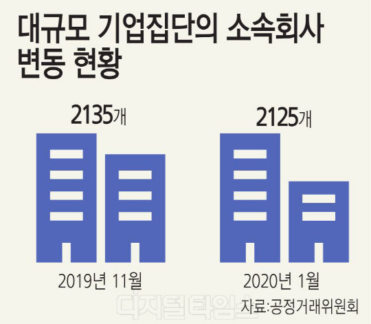 현황에 따르면 지난해 11월 초부터 올해 1월 말까지 32개 기업집단이 66개사를 편입하고, 27개 기업집단이 76개사를 제외해 소속회사 수는 총 10개 감소했다. 이에 이달 1일을 기준으로 59개 기업집단의 소속회사 수는 2125개로 집계됐다.
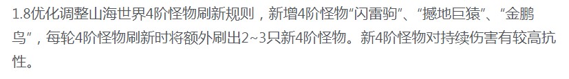 3、异兽刷新时间:5阶异兽每天10点刷新1只;4阶异兽每天0点、4点、8点、12点、16点、20点刷新,每波10-13只。
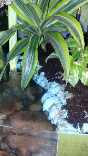 Also, I realized today as I dumped out the dirt that was in those pots that it's potting soil complete with fertilizer and vermiculite and all...I'll vaccuum it out haha, no where near close enough to get frogs in it so don't worry!
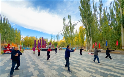 10月9日清晨,市民们在儿童公园迎着朝阳晨练。
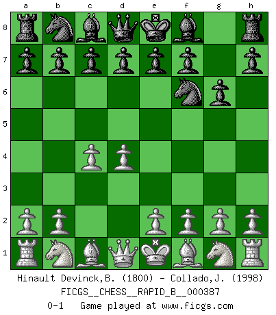 Last move : 0-1 2023 April 26 7:31:49 [Event "FICGS__CHESS__RAPID_B__000387"] [Site "FICGS"] [Date "2023.03.09"] [Round "1"] [White "Hinault Devinck,Bastien"] [Black "Collado,Julien"] [Result "0-1"] [WhiteElo "1800"] [BlackElo "1998"] 1.d4 Nf6 2.c4 g6 0-1 This chess game has been lost on time (started : 2023.03.09 14:11:55) Follow this game move after move (download)No other master has such a terrific will to win. At the board he radiates danger, and even the strongest opponents tend to freeze, like rabbits when they smell a panther. Even his weaknesses are dangerous. As white, his opening game is predictable - you can make plans against it - but so strong that your plans almost never work. In the middle game his precision and invention are fabulous, and in the end game you simply cannot beat him. (Anonymous German Expert) Ein Buch ist ein Spiegel; wenn ein Affe hineinsieht, so kann kein Apostel heraus gucken. (Georg Christoph Lichtenberg) La captura del Rey enemigo es la finalidad pero no el primer objetivo de la partida. (William Steinitz) Le succès, c'est être capable d'aller d'échec en échec sans perdre son enthousiasme. (Winston Churchill) Art is the only way to run away without leaving home. (Twyla Tharp)
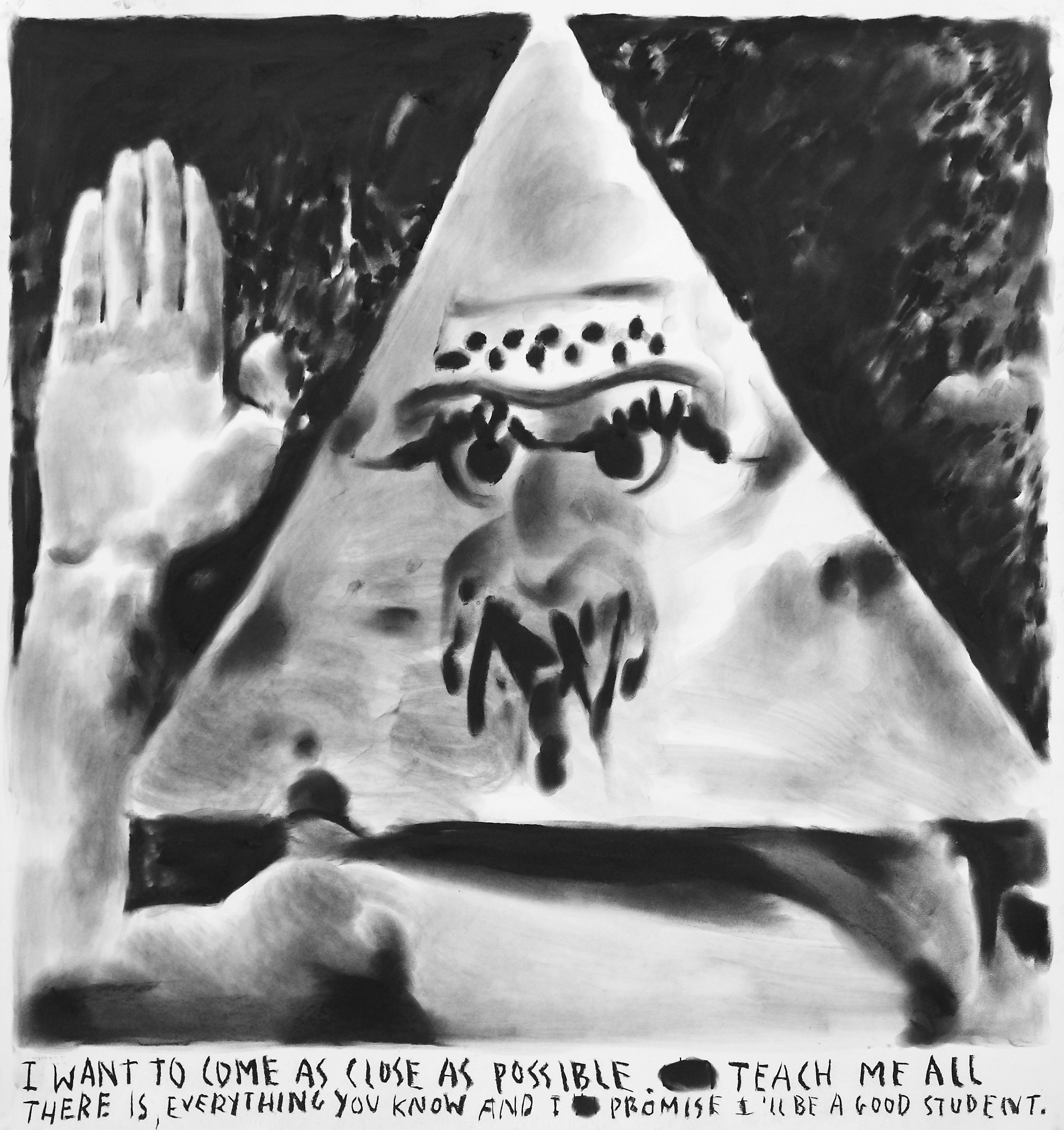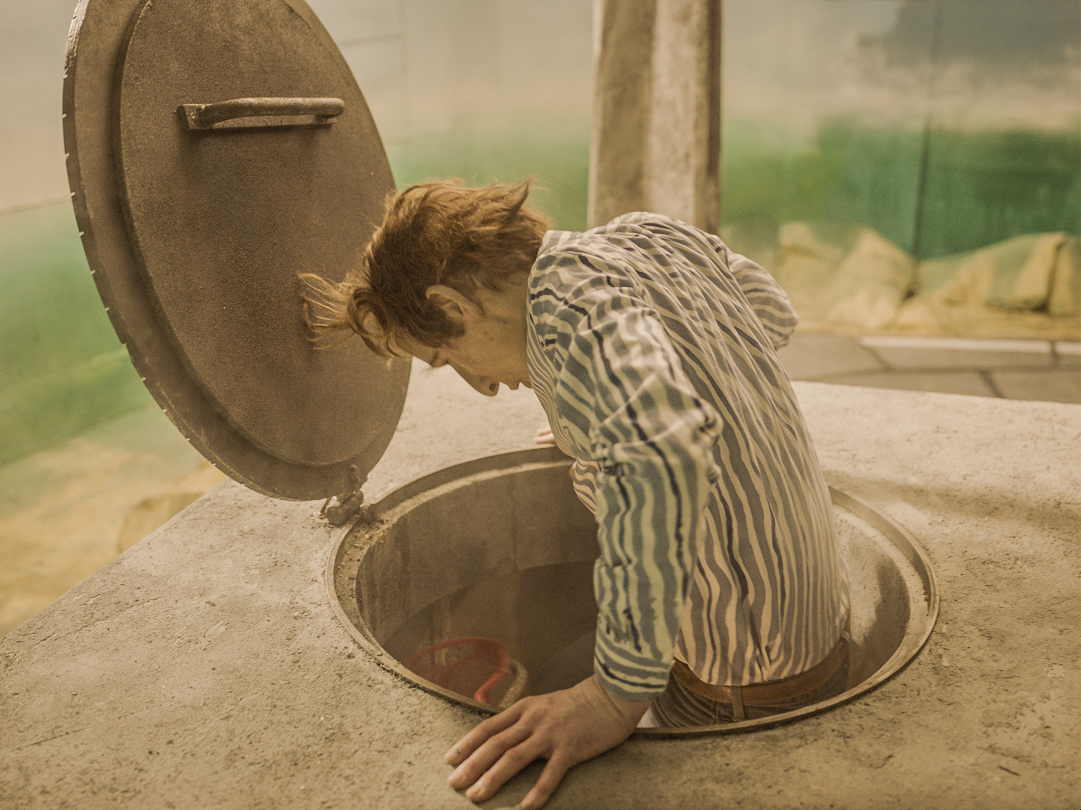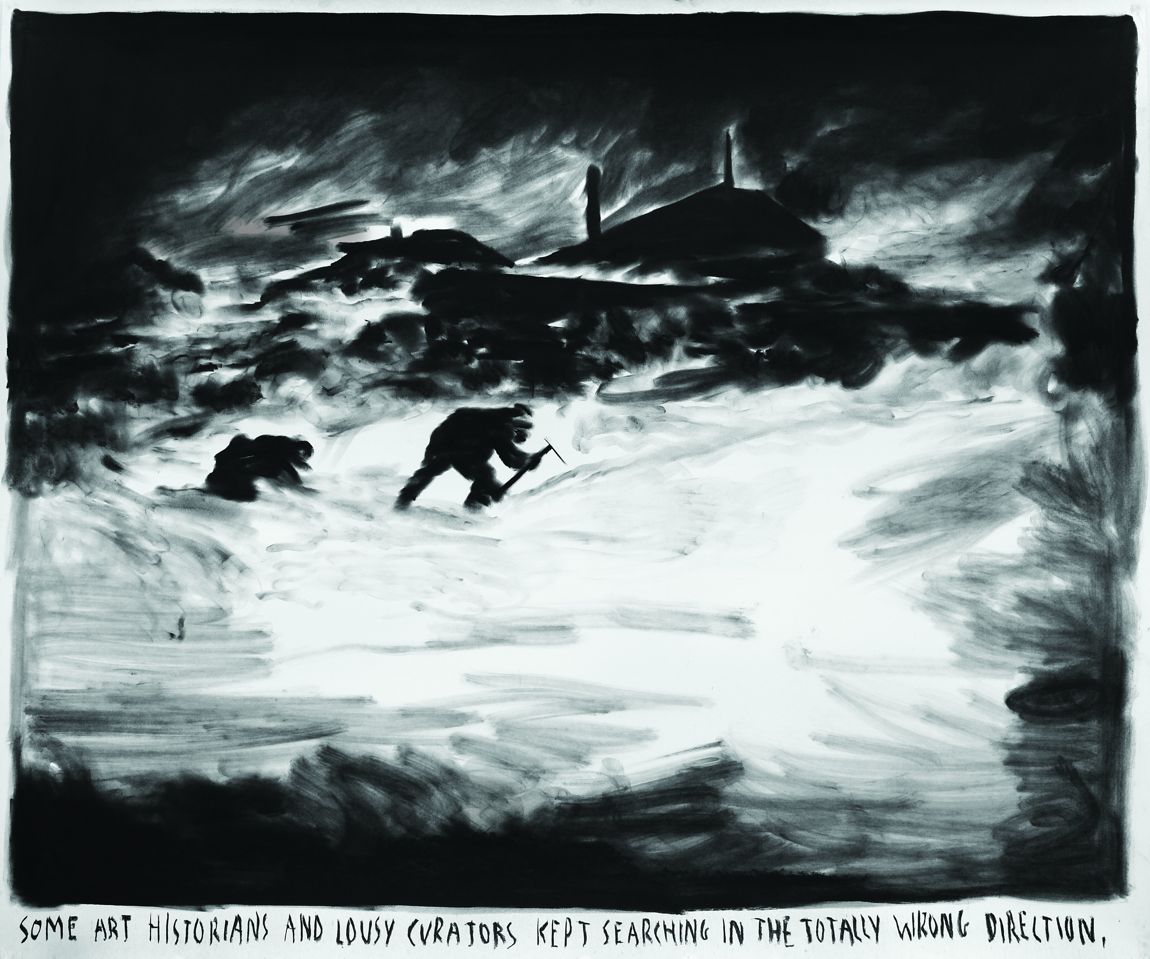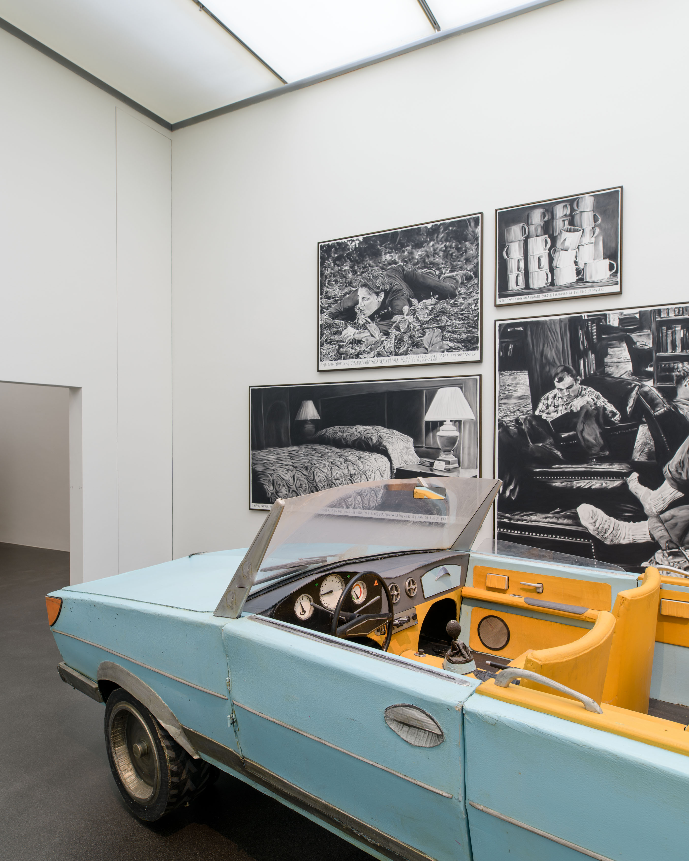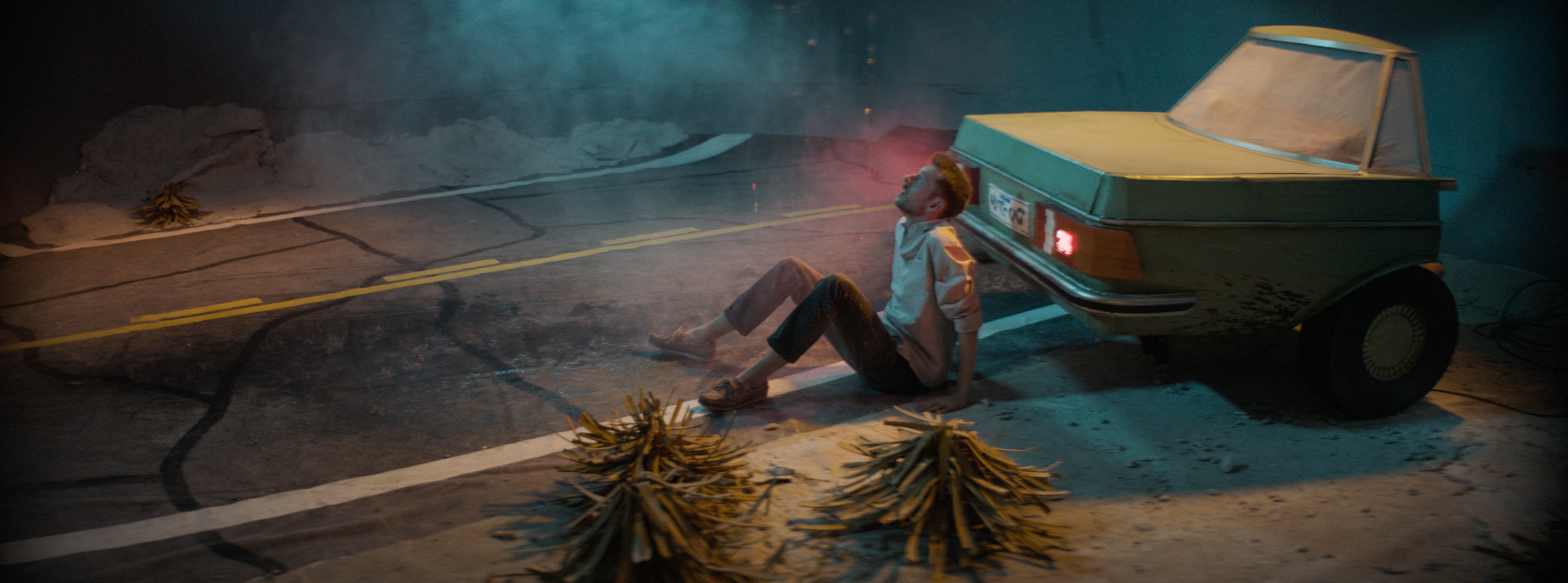 While his heroes are on the road, driving a cabriolet across the Alps, through a tunnel into the sea, caught in a downpour at a fork in the road or alone in the woods with a whole piglet roasting over a fire, Rinus Van de Velde (*1983) prefers to
::::::
### What you should do
Repeat each line of the material exactly, please, and skip every picture.

### Solution for this exercise
 현황에 따르면 지난해 11월 초부터 올해 1월 말까지 32개 기업집단이 66개사를 편입하고, 27개 기업집단이 76개사를 제외해 소속회사 수는 총 10개 감소했다. 이에 이달 1일을 기준으로 59개 기업집단의 소속회사 수는 2125개로 집계됐다.
 3、异兽刷新时间:5阶异兽每天10点刷新1只;4阶异兽每天0点、4点、8点、12点、16点、20点刷新,每波10-13只。
 Also, I realized today as I dumped out the dirt that was in those pots that it's potting soil complete with fertilizer and vermiculite and all...I'll vaccuum it out haha, no where near close enough to get frogs in it so don't worry!
 10月9日清晨,市民们在儿童公园迎着朝阳晨练。
 Last move : 0-1 2023 April 26 7:31:49 [Event "FICGS__CHESS__RAPID_B__000387"] [Site "FICGS"] [Date "2023.03.09"] [Round "1"] [White "Hinault Devinck,Bastien"] [Black "Collado,Julien"] [Result "0-1"] [WhiteElo "1800"] [BlackElo "1998"] 1.d4 Nf6 2.c4 g6 0-1 This chess game has been lost on time (started : 2023.03.09 14:11:55) Follow this game move after move (download)No other master has such a terrific will to win. At the board he radiates danger, and even the strongest opponents tend to freeze, like rabbits when they smell a panther. Even his weaknesses are dangerous. As white, his opening game is predictable - you can make plans against it - but so strong that your plans almost never work. In the middle game his precision and invention are fabulous, and in the end game you simply cannot beat him. (Anonymous German Expert) Ein Buch ist ein Spiegel; wenn ein Affe hineinsieht, so kann kein Apostel heraus gucken. (Georg Christoph Lichtenberg) La captura del Rey enemigo es la finalidad pero no el primer objetivo de la partida. (William Steinitz) Le succès, c'est être capable d'aller d'échec en échec sans perdre son enthousiasme. (Winston Churchill) Art is the only way to run away without leaving home. (Twyla Tharp)
 While his heroes are on the road, driving a cabriolet across the Alps, through a tunnel into the sea, caught in a downpour at a fork in the road or alone in the woods with a whole piglet roasting over a fire, Rinus Van de Velde (*1983) prefers to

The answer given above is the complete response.